We present a Dice loss function based on edge regions. In retinal layer segmentation tasks, features are often condensed in edge regions. Based on the Dice loss function, we developed a loss function that only calculates the overlapping loss of the edge region, which can guide the depth learning model to learn more edge features to improve the accuracy of edge segmentation.
5. Discussion
Retinal layer segmentation for glaucoma is challenging due to the high resolution of the images involved and the high requirement for retinal layer edge segmentation. We designed CTS-Net based on the analysis of the cross-attention mechanism of the CSWin Transformer and the hierarchical characteristics of OCT retinal layer images. The proposed method is superior to the comparison model in MAD and RMSE metrics and inferior to the comparison model in Std, which shows that the test results of the model are relatively stable. Although the results of the BADL+DL loss function are similar to those of the Dice loss function (
Table 4), when BADL is added, the MAD and RMSE metrics of the test results of the RelayNet, Swin-Net, and CTS-Net models are reduced, which indicates that BADL can guide the model to improve the performance of edge segmentation.
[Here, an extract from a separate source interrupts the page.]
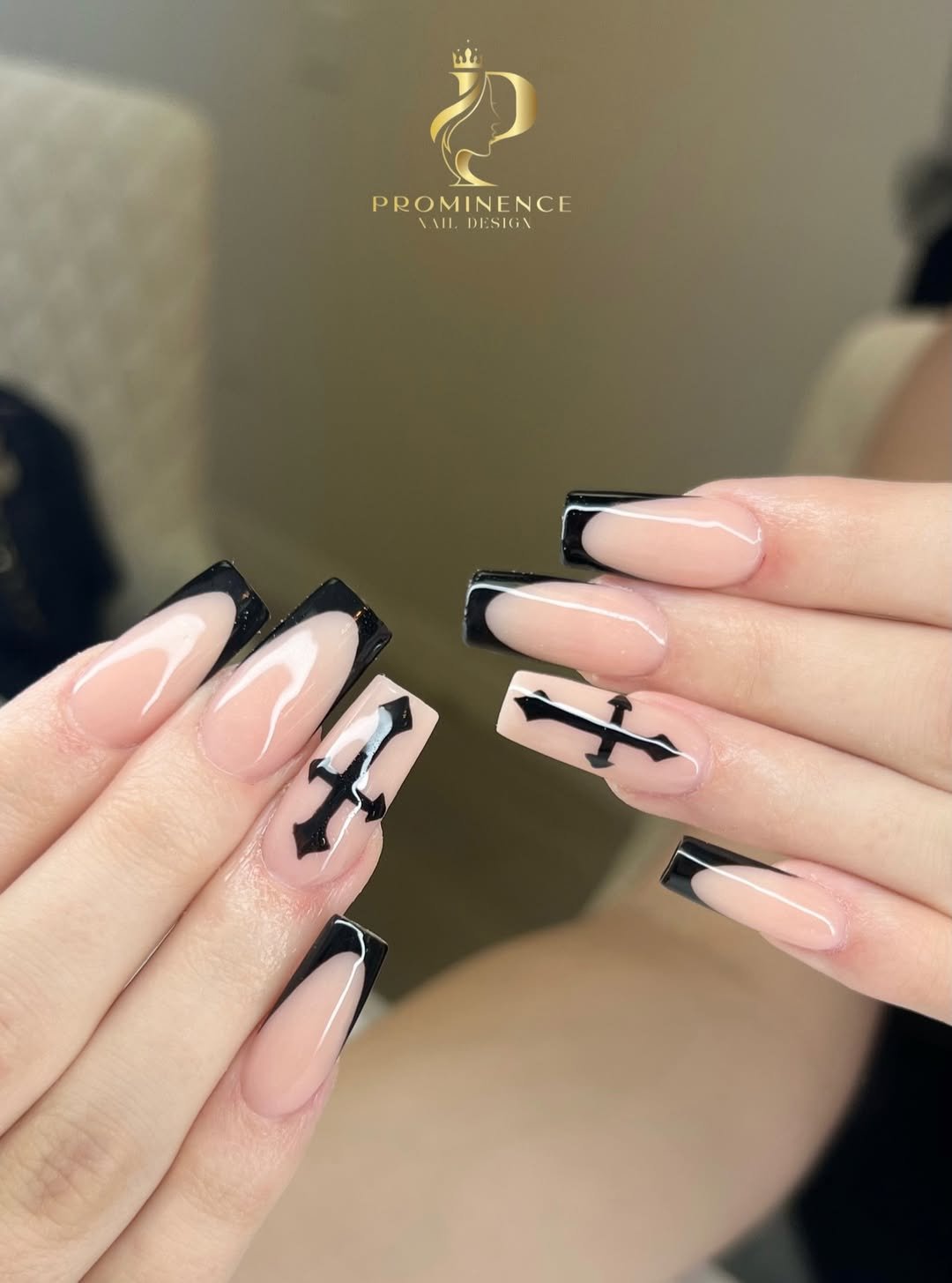 These square black tips paired with bold cross accents lean into a dramatic vibe without losing polish. The nude base keeps it wearable, while the graphic black details bring attitude.

It also shows that BADL can be used as a general loss function for image segmentation.
Our work also has some limitations. The proposed method must pre-process the rectangular image into a square before it can be used. However, Refs. [
19,
35,
36] can directly input the rectangular image into the neural network. This problem can be solved by fine-tuning the CSWin Transformer structure to make it available for rectangular images. Our method is limited to 2D images and cannot process 3D data with rich information, which may be our future research work.
6. Conclusions
The neural network model based on CSWin Transformer has excellent potential in image segmentation but it is rarely used in OCT retinal layer image segmentation. The cross attention of CSWin Transformer can achieve a wide range of self-attention calculations, giving the model excellent remote modeling capability. In this paper, we built CTS-Net based on the basic skeleton of CSWin Transformer to realize pixel-level segmentation of OCT images of the glaucoma retinal layer and to obtain smooth and continuous retinal layer boundaries. We proposed a Dice loss function based on the boundary area to guide the model to discover more features around the edge region. The experimental results show that the evaluation indexes of MAD, RMSE, and DSC are 1.79 pixels, 2.15 pixels, and 92.79%, respectively, which are better than the contrast model. Further cross-validation experiments show the robustness of the CTS-Net method. The proposed method can effectively promote depth learning technology’s performance in retinal layer OCT image segmentation.